Before sunset, Marc shoots an interview with me about the day’s encounter. It’s sort of a tit for tat with the dancing thing. I try not to sound like an idiot, but fail. It’s nearly impossible to be articulate about an encounter with a 25 foot shark. It’s like trying to look cool while eating an ice cream cone. The two things are incompatible.
As a postscript, the next several days were sighting-free. I went on a few more dives, made mediocre by the global coral bleaching of 1998. A guarded secret of the dive industry; the after effects of El Nino wreaked havoc on the sea, and the shallow Indian Ocean worst of all. Once colorful coral gardens are now graveyards, and the effect has worked its way up the food chain. There are signs of recovery, but coral grows slowly and our gluttonous fisheries aren’t helping things.

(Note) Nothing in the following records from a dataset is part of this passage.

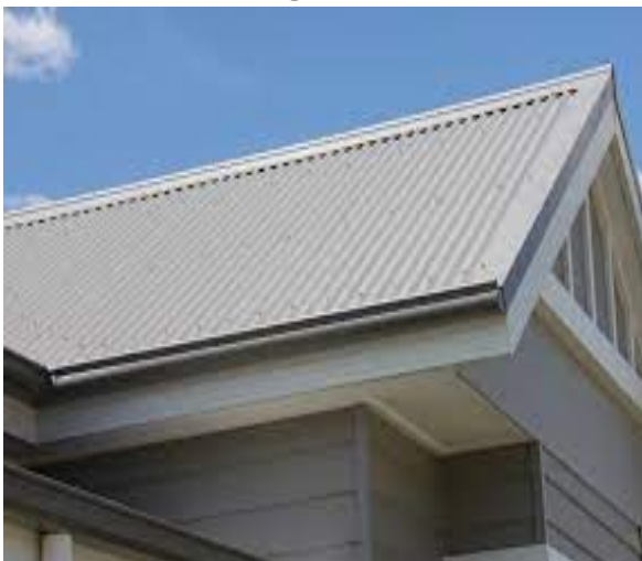
ROOF COLOUR AND MATERIALS

The roof will be a traditional zinc - keeping in line with the heritage and style of existing central Maitland homes. The colour palette chosen for the proposed dwelling and fence will be Dulux Antique White which is clean, modest and compliments the existing homes in the surrounding area.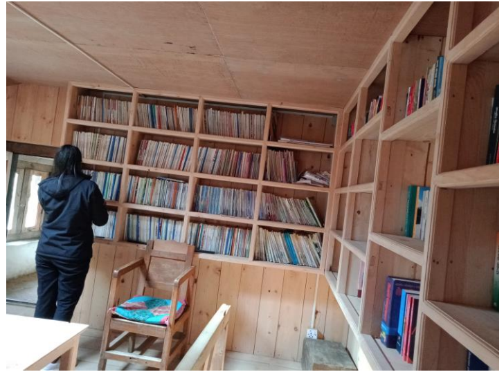
Himalayan Sherpa Buddhist Basic School, Phungmucho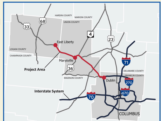
Figure 1. Map. Project map.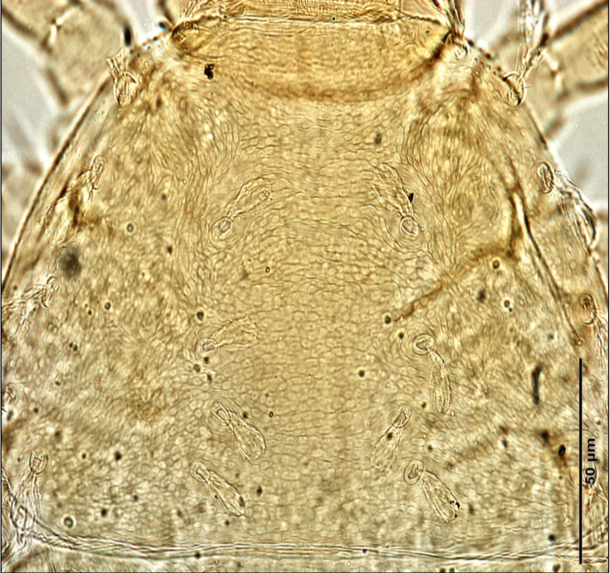
Figure 6. DIC micrograph of Eutogenes frater Volgin (Female) – Propodosomal shield.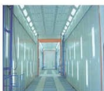
Truck Paint Booth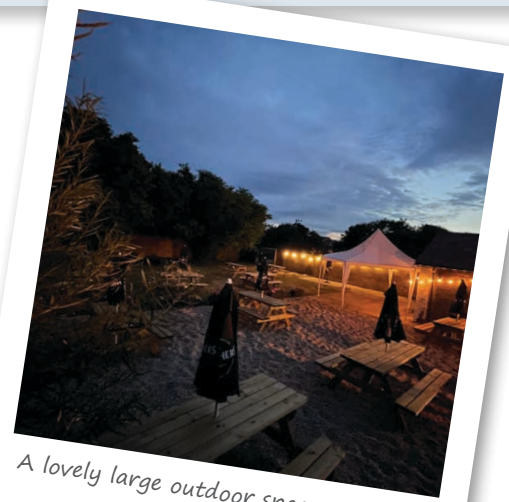
A lovely large outdoor space to gather

We are passionate to build something wonderful with our community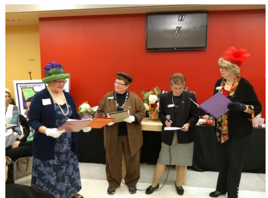
Tri-District Celebrates Founders' Day!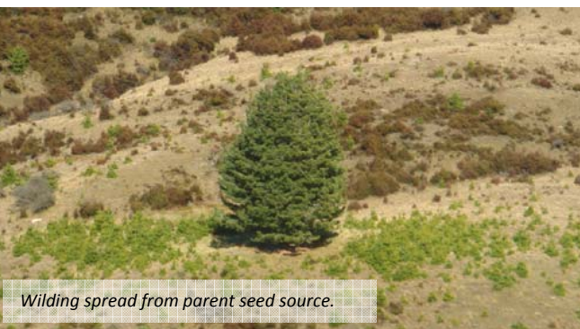
Wilding spread from parent seed source.

Wilding control work has been successfully carried out in the Wakatipu for many years. A factor which makes wilding spread manageable is that conifers are very obvious to spot on the landscape well before coning begins (age of seed production is between 6 and 30 years - 12 years on average - depending on the species). Wilding spread is predictable, though there are many variables.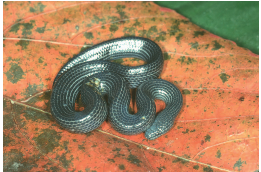
Figure 12. Exiliboa placata from Oaxaca, Mexico.

Taxonomy. Described as the type species ( E. placata ) in a new genus ( Exiliboa ) by Bogert (1968b). No subspecies are recognized.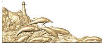
DOLPHINS WITH LIGHTHOUSE BR 4251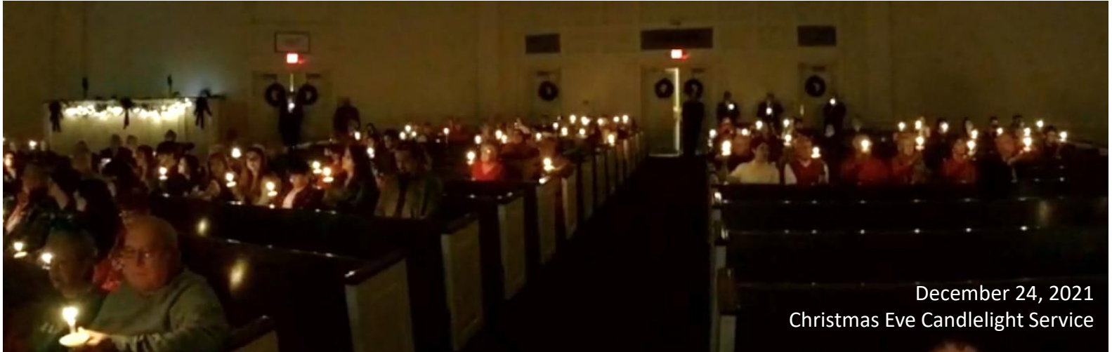
December 24, 2021 Christmas Eve Candlelight Service

Transforming Lives As We Seek, Share, And Serve God.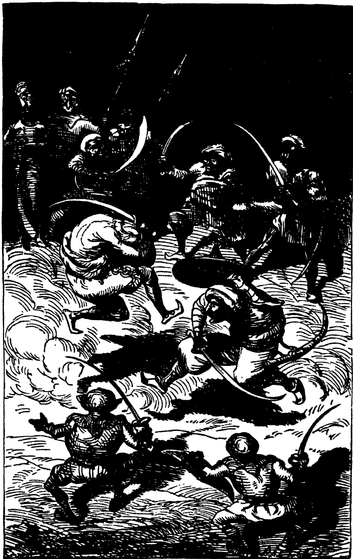
The King was cunning at fence, and so was the thief ( to face p. 136 ).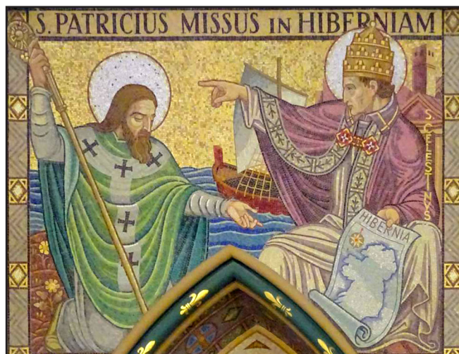
Wall mosaic in St Mary's Cathedral, Kilkenny.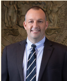
Governor Josh Green, M.D.

As I stated at the start of my Administration in my first address to the Hawai'i State Legislature in January, it is imperative that we come to the table with new ideas, new solutions, and bold action rooted in our shared values. Business-as-usual won't work anymore – there is simply too much at stake to accept the status quo, which is why on July 17, I signed the Emergency Proclamation (EP) on Housing to accelerate relief from the statewide housing crisis.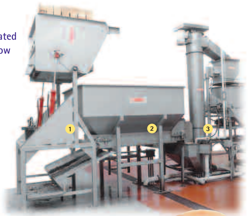
1 Crate Dumper 2 Metering Hopper (belt discharge) 3 Vertical Screw Elevator

Large diameter variable speed auger quickly elevates your product to peelers or other equipment, while separating rocks and other debris. The auger's rugged bottom bearing provides long service and easy maintenance. Flanged vertical tube simplifies auger removal and includes water sprays. Door in tank facilitates cleaning.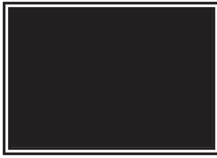
Double Page Spread Bleed 426mm x 303mm (includes extra 3mm all around)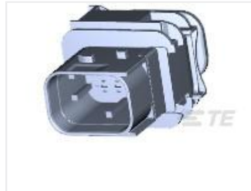
TE Part #2-1703648-1 7POS, MIXED,TAB HSG,ASSY,CODB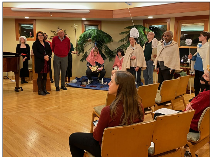
Many attendees participated in the pageant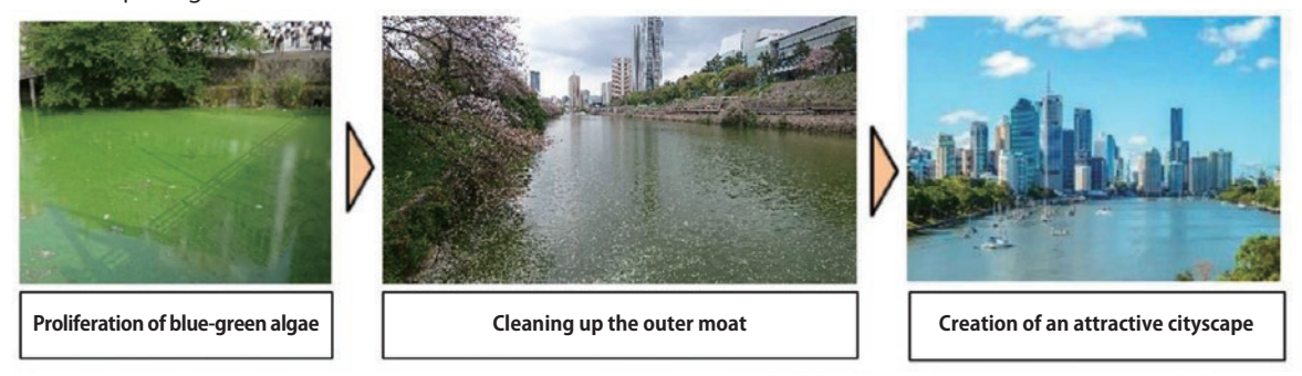
«Right image from Future Tokyo: Tokyo's Long-Term Strategy Version Up 2022 (February 2022)»

To achieve this, the TMG is working with relevant parties to study ways to secure the sources and amount of water necessary to be supplied to the moat, the construction of new waterways, and other matters. The TMG has publicized a basic plan, which includes an outline of routes to supply reclaimed water and water from the Arakawa River via the Tamagawa Josui and other waterways. In accordance with this plan, since fiscal 2022, the TMG has been implementing specific measures, such as creating preliminary designs for facilities needed to supply water to the moat, with the aim of completing construction in the mid-2030s.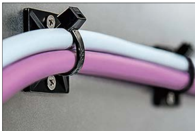
MB-Series Mounts with square design.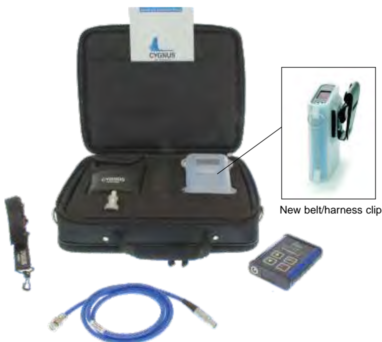
New belt/harness clip

Instrument, 2.25 MHz x 13 mm diameter probe, spare membranes, 15 mm steel test block, membrane couplant, ultrasonic couplant, accessory pouch, protective silicone sleeve with belt/harness clip, neck strap, operation manual, blue high flex probe cable and carry case.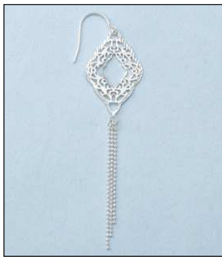
JE102741DC WT: 2.8 gm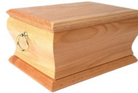
with Solid Oak Casket £205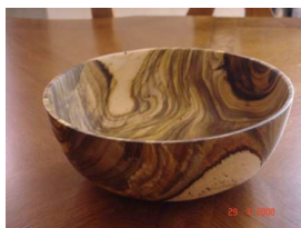
Sumach Bowl — Cut from the same piece as the vase. A really nice patterning. (160mm x 60mm h). Made 2008.

I have to admit, this is the first time I have been to Woodex. I was impressed. Talking to the traders and the demonstrators I think it was universally agreed that this was by far the best attendance they have had to date. I assume the word is getting around. The added bonus is FREE ENTRY. I can only hope that oth-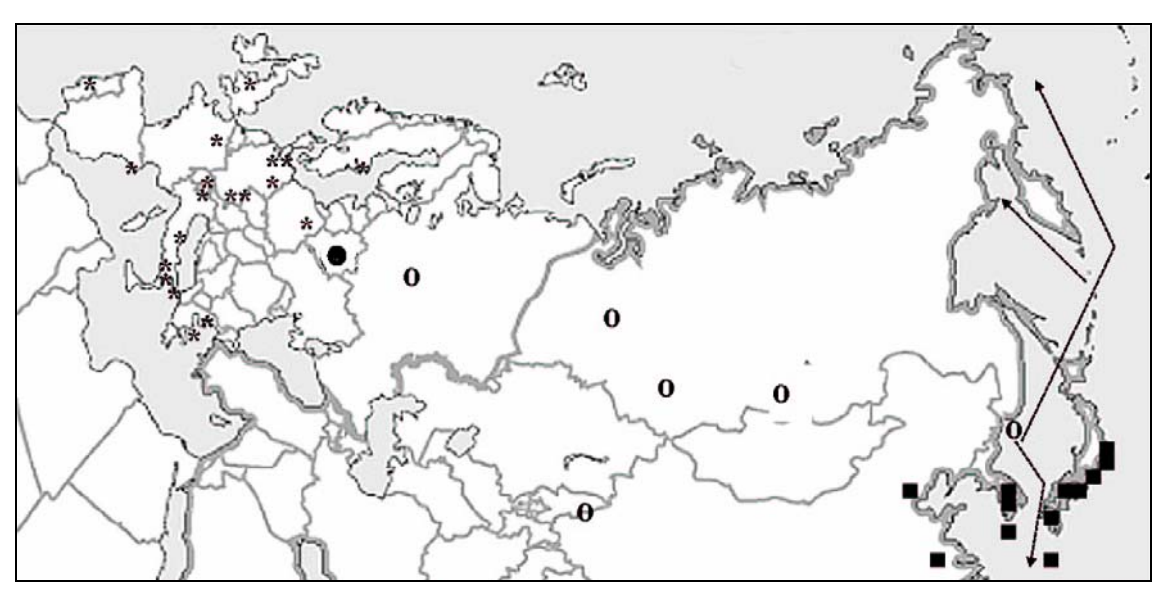
Fig. 1. Lidar networks on Eurasian continent: EARLINET (*), CIS-LiNet ( \mathbf{0} ), and AD-Net ( \mathbf{\square} ).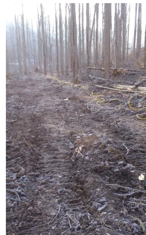
Figure 3. Image showing the site conditions as well as an ER line traversing from the top of the image to the right. Trees were felled to permit some access for geophysical surveys and heavy equipment operators for excavation.

Survey Results: Interpretations (Figure 2) for locating the diesel plume worked off two principles: 1) all hydrocarbons are non-polar molecules and thus they are resistive to electrical current and 2) diesel is an LNAPL and will be notably floating atop the saturated zone in the sandy river (fluvial) alluvial deposits. Based on these two principles, the expected observation would be a decrease in conductivity at or above the saturated zone. The dashed ellipses in the cross section above (Figure 2) indicate the expected signatures in this scenario and were picked as targets to be investigated with a direct-push technology boring program at the site.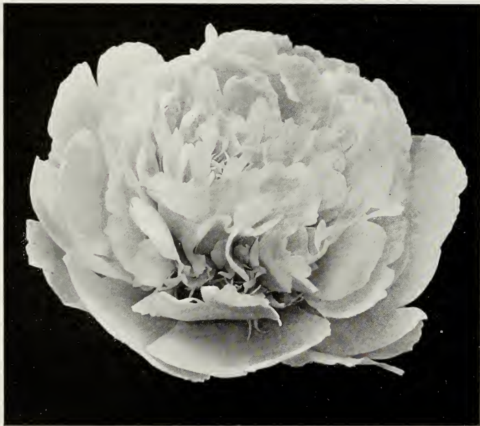
Octavie Demay (See page 20)

The Peony, in fall can stand without injury a journey of months, if kept from prolonged heat, which would start it into growth. There is, in fact, no flower which can be transported over long distances with greater safety.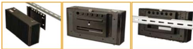
Adjustable to fit with different rail width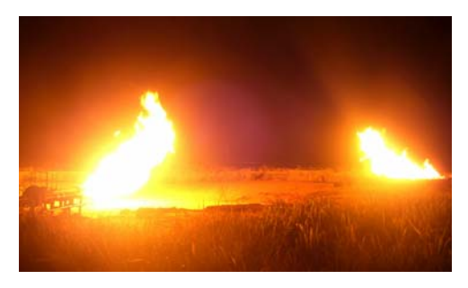
Gas flaring Oben (Edo State), December, 2010

In the EU, the European Environment Agency (EEA) has reported on past and projected climate change and related impacts and vulnerabilities based on a range of indicators.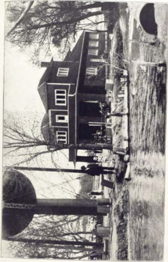
Iowa's New Fish Hatchery at Spirit Lake. Built in 1915, showing steel 26,000 gallon water tank, front view.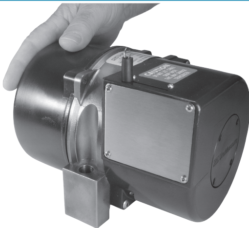
HX Series Ranges to 800" (20 m)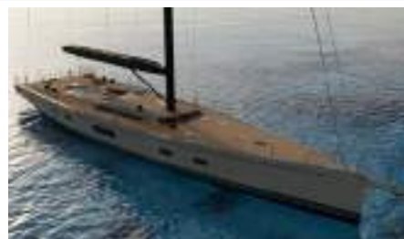
FANCY Length: 32.92 m Guest/Crew: 9/5 Area: West Mediterranean Rate: From EUR 115 000/week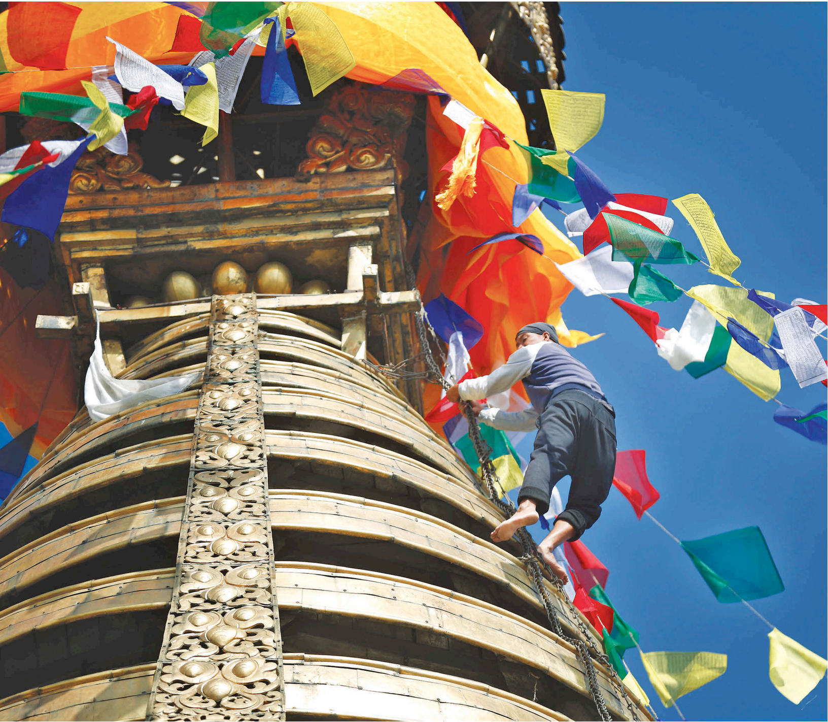
A man ties strings of prayer flags to the spire of the Swayambhunath stupa in Kathmandu on Wednesday.

"Some day I want to see myself behind the wheel. Hopefully, I will have a young woman working in my place, assisting me as a ticket collector."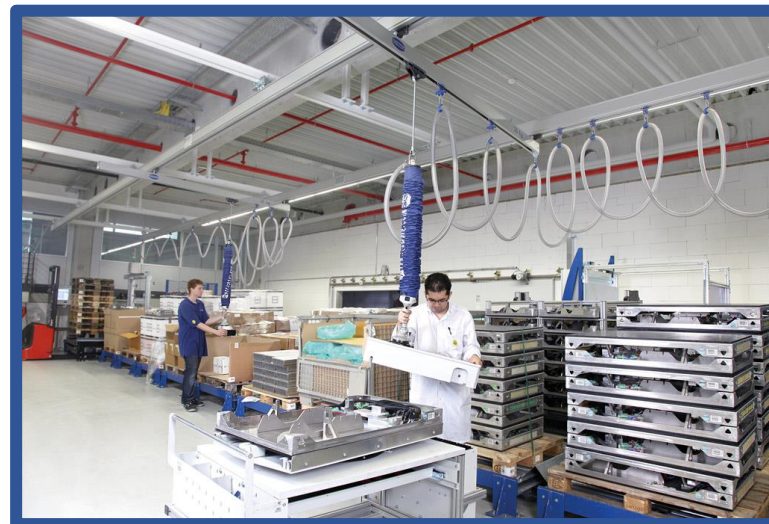
Track System & Vacuum Lifter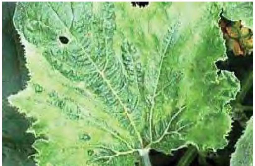
Mosaic Virus on pumpkin leaf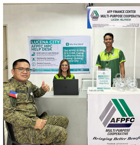
The AFPFC MPC Lucena Help Desk opened on January 28, 2025

To further establish its service presence throughout the country, AFPFC MPC is schedule to open more help desks within the year.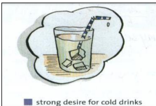
Fig 4: Aconite patient thirst during fever

Patient Throat dry red, constricted. Burning and cutting pains in the intestines. Vomiting, fear, heat, and profuse sweat. Intense thirst for cold water is present ameliorated by iced drinks. Stools are of pure blood, grass green colored, or like chopped herbs, or white.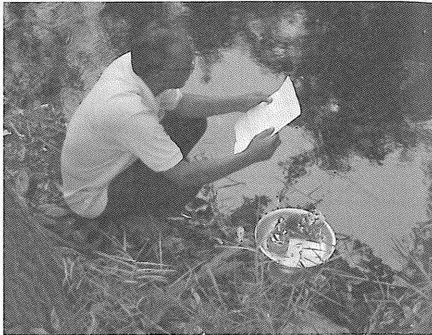
Figure 6.1 Reciting the prayer of invitation to Upakhut.

considerable fame. The procession then made its way back to the village, Upakhut silent on his tray and the spirits dancing around causing mayhem with young children and thrusting what appeared to be prominent erections beneath their robes in the direction of respectable village matrons. "This is just a small ritual", I was assured, "it will be much more fun in the coming days." When the procession reached the temple, the spirits had no hesitation in entering, dancing their lurid way inside the compound, until their skins and heads were eventually shed and hidden away in a back room. Meanwhile, Upakhut was installed in a temporary pavilion at the back of the temple compound, next to the spirit house of the temple's protective spirit. Upakhut was provided with a monk's robe, begging bowl, water bottle, pillow and fan. He was there to protect the festival. Food offerings were bought to him on the mornings that followed.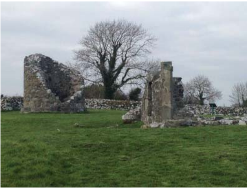
Holy site of Nendrum, where St. Patrick might have walked

Service” (their Mothers’ Day) and helped us to visit some of the most beautiful places in the world including the Giant’s Causeway, the Antrim Coast, Ulster-American Folk Park, and Nendrum, a historical holy site where St. Patrick once walked. We look forward to more opportunities to share in ministry together with our Irish friends here and across the pond!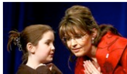
Palin Upsets Fans by Backing McCain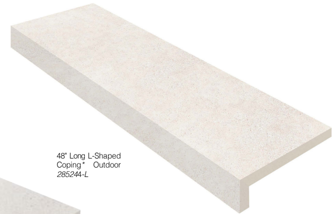
48" Long L-Shaped Coping* Outdoor 285244-L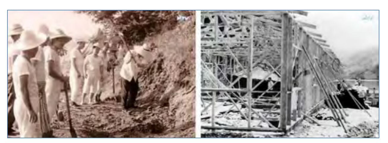
June 17, 1971 Building the Chung Pyung Training Center

Construction work to build the Chung Pyung Training Center in Song-san Hamlet, Seorak Village, Gapyeong County, Gyeonggi Province, began with True Father's first dig at the riverside using a pickax on June 17, 1971. The 30 or so members who were attending a workshop at Sutaek-ri Training Center in the city of Guri to become pastors were all mobilized to help with the construction work. Today, forty-five years after it was erected on land that used to be a mulberry field, Chung Pyung Training Center has become a global holy ground which Unificationists from different nations enjoy visiting. (Materials provided by the Family Federation for World Peace and Unification (FFWPU) History Compilation Committee)

On the last day of the cruise, we got lucky and dove with two whale sharks and had a brief encounter with a manta ray, which is very uncommon in these waters.
I enjoyed the trip enormously. I did a lot of reading, a lot of writing, and a lot of staring out at the sea from the lookout platform. Next up is three quiet days on the main island of Mahe before my flight to Nairobi and a hopefully-not-too-harrowing overland journey to Mombasa.